What is cortisol?
When you go through hormonal changes, it comprises a series of sudden and unexpected variations in your weight or in your mood, sometimes even leading to depression.
Cortisol is also called ‘the stress hormone’ and when you have high levels of this hormone, it brings a series of negative effects alongside.
What is cortisol?
It’s a hormone that raises blood sugar levels and meets the demand of glucocorticoids. It’s stored in the outer layer of the adrenal gland and is liberated then the brain notices low levels of glucocorticoids or of sugar in your blood.
It’s not only produced in stress situations, but also when there’s a very demanding physical activity or when there’s a poor diet.
How does it work?
When a person is constantly under the effects of this hormone, they can suffer from chronic stress.
In fact, when cortisol levels go up, it destroys tissues.

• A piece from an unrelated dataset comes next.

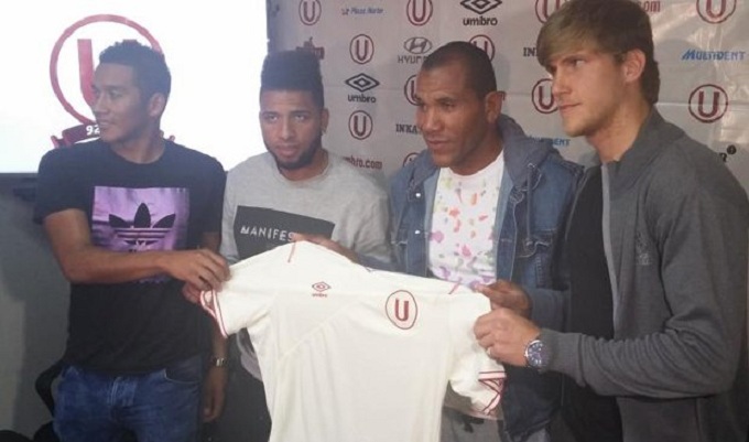 Universitario de Deportes presentó de manera oficial a los nuevos jugadores que reforzarán su plantel con miras a la Copa Sudamericana. Josué Estrada, Alexi Gómez, John Galliquio y el uruguayo Diego Rodríguez, son las nuevas caras del equipo dirigido por Roberto Chale.

This makes your body use glucose and amino acids that make up your muscles.
Does this have negative effects?
Tissues are destroyed when cortisol levels rise. If these levels persevere in time, they produce constant stress. Some changes have a direct contribution to the impairment of metabolism or at times you will simply be more irritable.
How is cortisol detected? How can one lower its levels?
You can detect this hormone though blood, urine or saliva tests.
Regarding nutrition to control cortisol levels, it is advisable to eat green vegetables, ground flaxseed, nuts and citrus fruit. Decreasing the intake of caffeine also affects this hormone’s levels. Then you have relaxing and sound sleep, your cortisol levels will also dwindle.
Maintaining enough water intake to keep well hydrated is vital. In addition, drinking a glass of water before going to bed and one just as you wake up will help you to keep your cortisol levels at bay.
It is very important to do exercise on a regular basis.
How are cortisol levels affected by taking supplements while training?
It has been proven that taking between 5 and 10 grams of Branched-Chain Amino Acids (called BCAA) in combination with simple carbohydrates, this hormone’s levels are reduced.
This is because cortisol is secreted to give you an extra burst of energy. If we have glucose and the needed amino acids in our blood, this hormone won’t be produced.
Cortisol is the immediate response or your body to stress situations. In the short term, this hormone is in charge of destroying muscle tissue and in the long run this has adverse effects on the metabolism, and it’s also responsible for fat accumulation in problem areas depending on the gender. Adding to this, it can also cause chronic stress.